For those of you who care about access to government data for reasons of transparency, feel-good openness, competitive advantage or other, June 30 was an overall ok/good day.
Obama signed the FOIA Improvement Act of 2016 in an attempt to solidify his administration’s legacy as the most transparent in US history. Many are skeptical, including your author, but to mis-paraphrase, government was not reformed in a day. The White House is understandably gushing over the changes, but the discerning watcher can parse the language. Even the Justice Department’s summary is a bit more sobering.

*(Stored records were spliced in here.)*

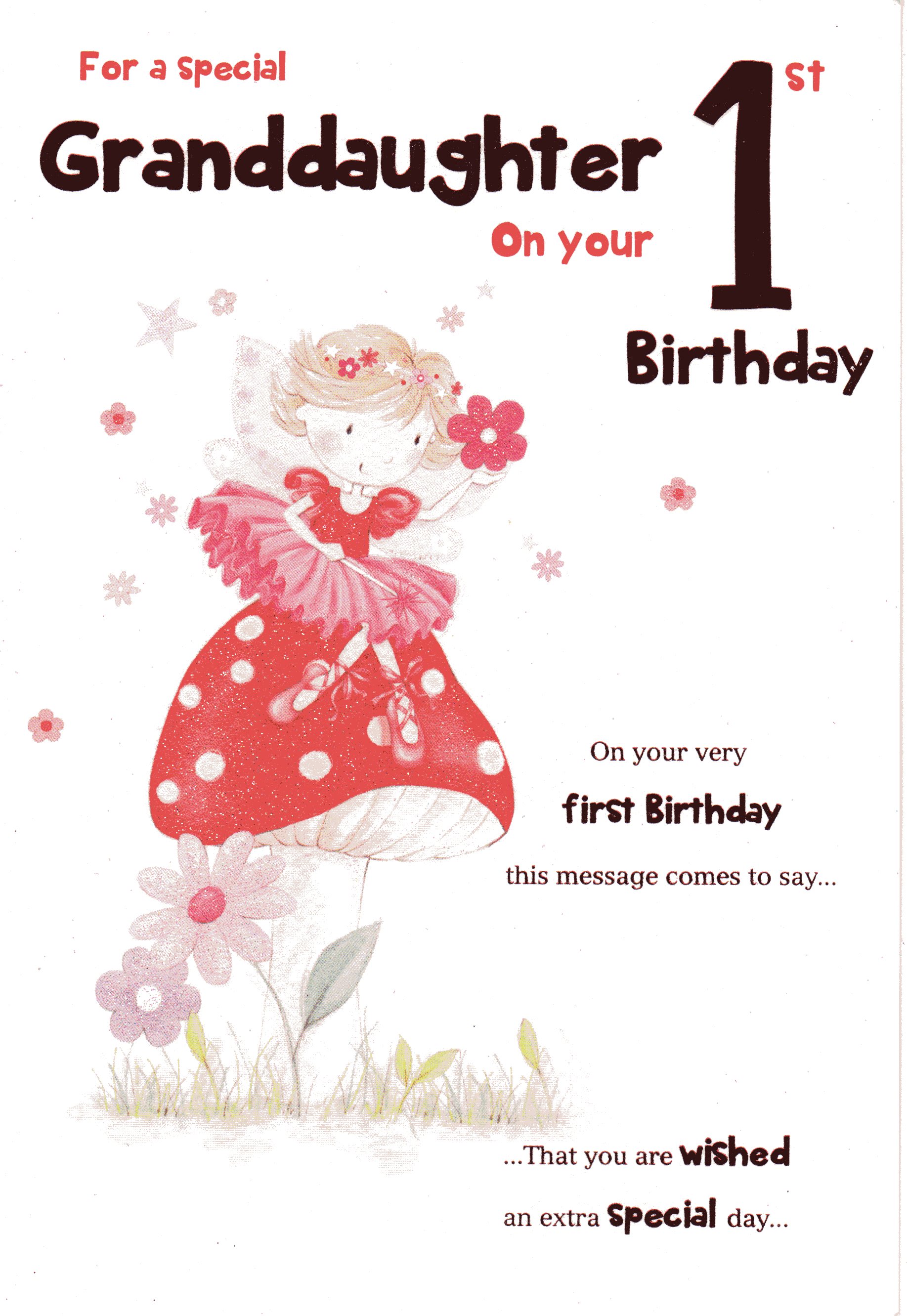 * On the front the card reads: For A Special Granddaughter On Your 1st Birthday. On Your very first Birthday this message comes to say..., ...That you are Wished an extra Special day...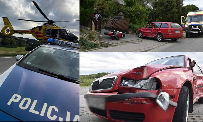W sobotnie popołudnie na drodze wojewódzkiej w kierunku Gromnika jechało kilka pojazdów osobowych. Pierwszy z nich, czerwona skoda, była kierowana przez 26-latkę z powiatu tarnowskiego. Gdy dojechał ona do posesji, zasygnalizowała zamiar wykonania manewru skrętu w lewo. W tym miejscu droga wojewódzka 977 prowadzi po lekkim łuku, a znaki na drodze wskazują linię podwójną ciągłą. Kilka pojazdów jadących za nią zatrzymało się, by kierowca wykonał zamierzony manewr, niestety w tym momencie kolumnę pojazdów zaczął wyprzedzać motocyklista. Nie zdążył on wyprzedzić wszystkich samochodów i uderzył w tylne drzwi skody. W wyniku tego zderzenia droga wojewódzka została całkowicie zablokowana, a utrudnienia trwały do godziny 21. Z uwagi na charakter wypadku zadysponowano helikopter pogotowia ratunkowego, który przetransportował rannego motocyklistę do szpitala w Krakowie. Lżej ranną kobietę przetransportowano do tarnowskiego szpitala.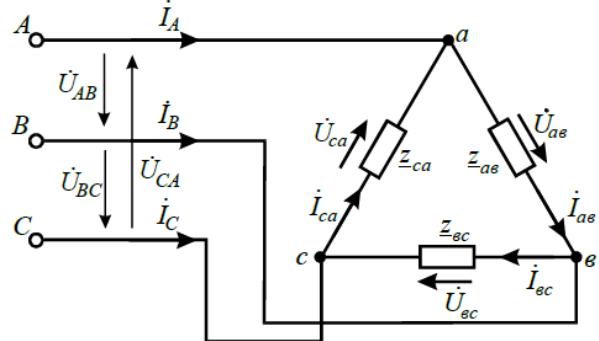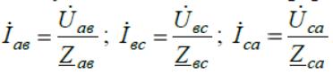 В линейных проводах А- a, B- в, C- c протекают линейные токи I A ,IB ,IC . В фазах приемника протекают фазные токи Iав ,Iвс ,Iса, определяемые по закону Ома в комплексной форме:

My biggest gripe is unfunded mandates–how can the government offer more to its citizens without additional resources? It’s like adding a few dozen more responsibilities to a job description with a fancy new title and no additional budget. For those curmudgeon-y types (myself included), have a look at past recipients of the Golden Padlock Awards from the Investigative Reporters & Editors.
Some of the (hopeful) highlights:
Presumption of openness: The default position has been to prove that no harm will come as a result of releasing records, but that puts a burden on the FOIA officer. Going forward that burden is removed. Pennsylvania’s right-to-know law had similar shift in 2008, and we are still waiting for this presumption of openness.
“Release to one is a release to all”: I’ve argued for this for over five years (not that anybody was listening!), but am thrilled this will happen–if nothing else it should reduce costs and backlog. Ironically, the CIA has done this for some time.